### Records for this task:

BEGIN

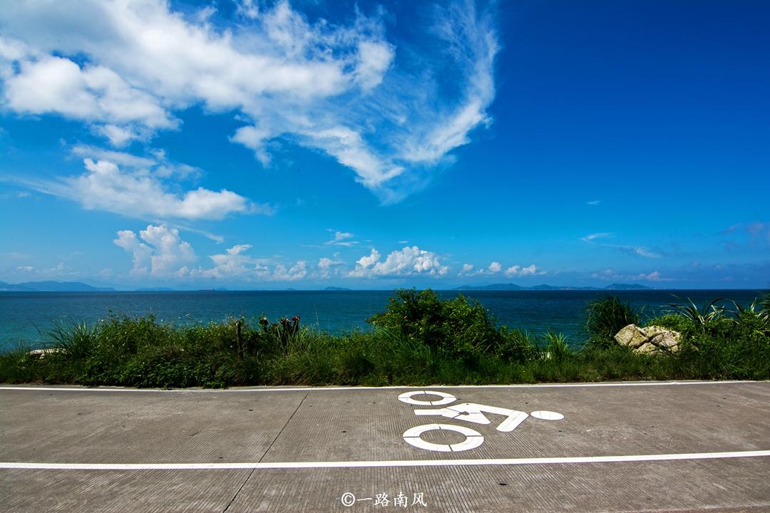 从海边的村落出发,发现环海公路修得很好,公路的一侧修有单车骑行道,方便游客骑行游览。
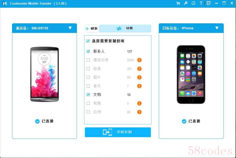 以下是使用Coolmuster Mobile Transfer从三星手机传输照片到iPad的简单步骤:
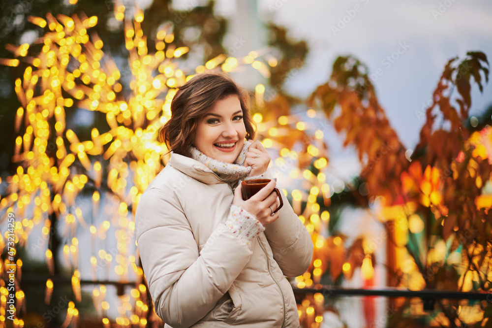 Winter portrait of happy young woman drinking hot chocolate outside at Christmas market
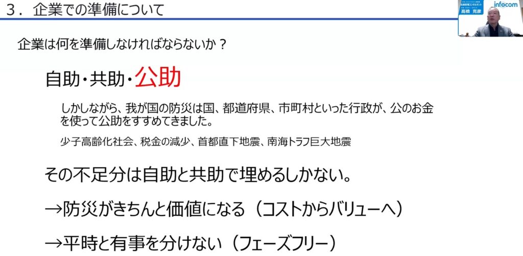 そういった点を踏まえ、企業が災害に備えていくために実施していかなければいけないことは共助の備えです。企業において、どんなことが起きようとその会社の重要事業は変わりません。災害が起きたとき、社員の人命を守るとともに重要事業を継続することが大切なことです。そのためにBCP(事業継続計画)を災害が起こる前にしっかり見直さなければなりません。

END
BEGIN

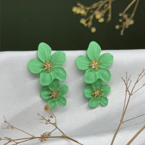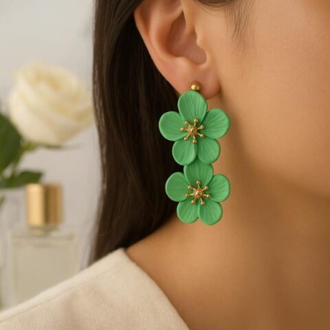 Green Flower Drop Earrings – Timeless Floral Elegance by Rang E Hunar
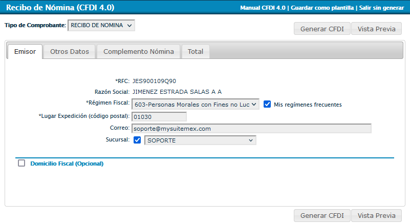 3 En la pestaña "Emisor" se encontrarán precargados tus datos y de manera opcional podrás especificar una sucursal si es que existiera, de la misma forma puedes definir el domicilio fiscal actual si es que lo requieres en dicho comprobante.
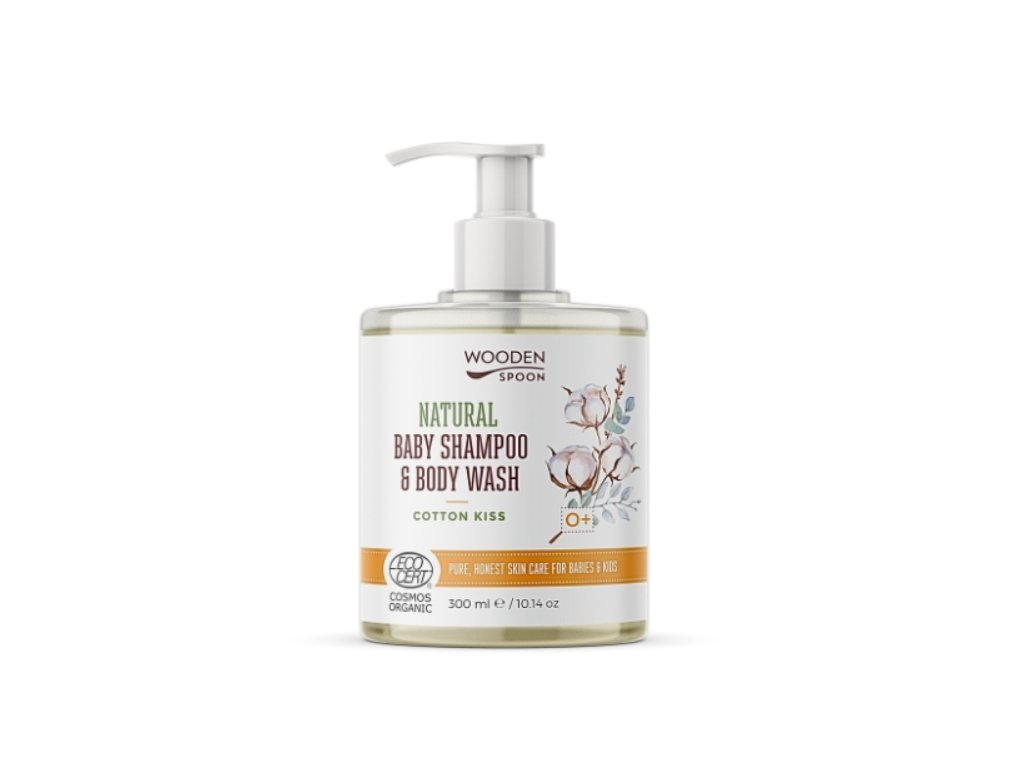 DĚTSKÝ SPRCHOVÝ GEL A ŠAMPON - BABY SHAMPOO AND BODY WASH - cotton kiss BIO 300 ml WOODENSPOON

END
BEGIN

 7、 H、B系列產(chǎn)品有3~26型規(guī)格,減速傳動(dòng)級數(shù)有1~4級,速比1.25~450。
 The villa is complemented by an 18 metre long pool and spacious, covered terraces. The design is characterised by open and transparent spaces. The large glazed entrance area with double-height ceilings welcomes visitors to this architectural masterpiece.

END

### Exercise aim:
With the pictures left out, write out exactly the lines above from the one containing "从海边的村落出发,发现环海公" through the one containing "Winter portrait of".

### Answer:
 从海边的村落出发,发现环海公路修得很好,公路的一侧修有单车骑行道,方便游客骑行游览。
 以下是使用Coolmuster Mobile Transfer从三星手机传输照片到iPad的简单步骤:
 Winter portrait of happy young woman drinking hot chocolate outside at Christmas market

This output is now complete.